--- DATA SECTION Enclosed Below ---
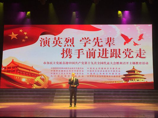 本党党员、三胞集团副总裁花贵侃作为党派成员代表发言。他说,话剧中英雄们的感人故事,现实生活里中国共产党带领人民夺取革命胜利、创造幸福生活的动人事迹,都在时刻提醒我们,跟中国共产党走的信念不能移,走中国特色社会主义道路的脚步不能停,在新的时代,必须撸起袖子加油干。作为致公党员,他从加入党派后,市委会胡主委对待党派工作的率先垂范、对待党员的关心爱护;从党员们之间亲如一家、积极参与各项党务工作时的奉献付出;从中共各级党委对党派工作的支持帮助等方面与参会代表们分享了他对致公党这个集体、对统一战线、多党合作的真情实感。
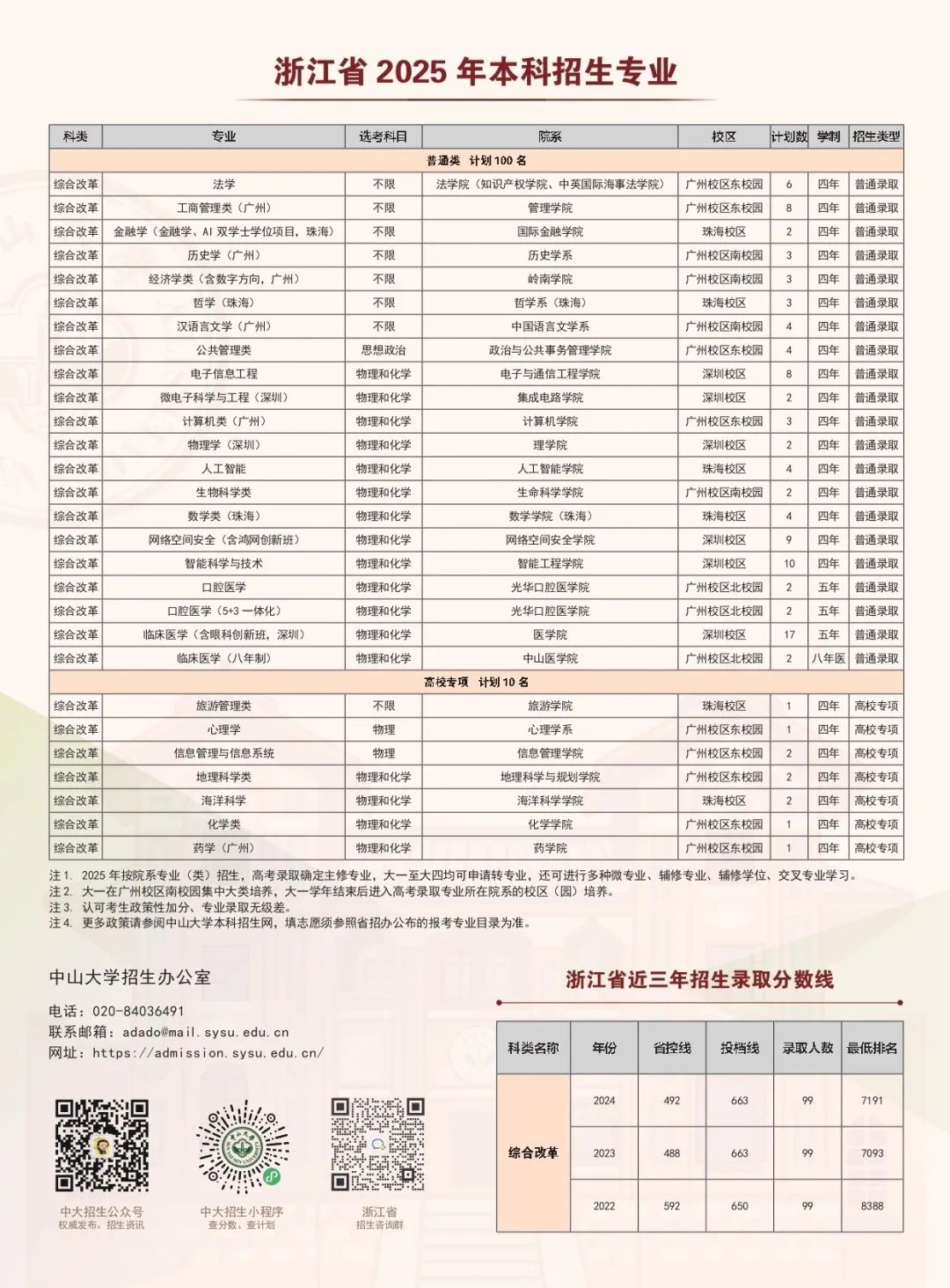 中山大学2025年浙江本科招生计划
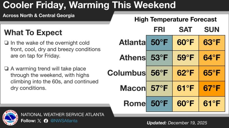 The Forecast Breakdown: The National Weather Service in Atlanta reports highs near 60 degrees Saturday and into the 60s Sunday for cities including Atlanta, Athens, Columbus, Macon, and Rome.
--- End of Enclosed DATA SECTION ---
• [REQUIREMENT] The answer must be the lines above from the line that contains "中山大学2025年浙江本科招生计划" to the final line of the data, word for word, with no pictures.

• [WORKED SOLUTION]
 中山大学2025年浙江本科招生计划
 The Forecast Breakdown: The National Weather Service in Atlanta reports highs near 60 degrees Saturday and into the 60s Sunday for cities including Atlanta, Athens, Columbus, Macon, and Rome.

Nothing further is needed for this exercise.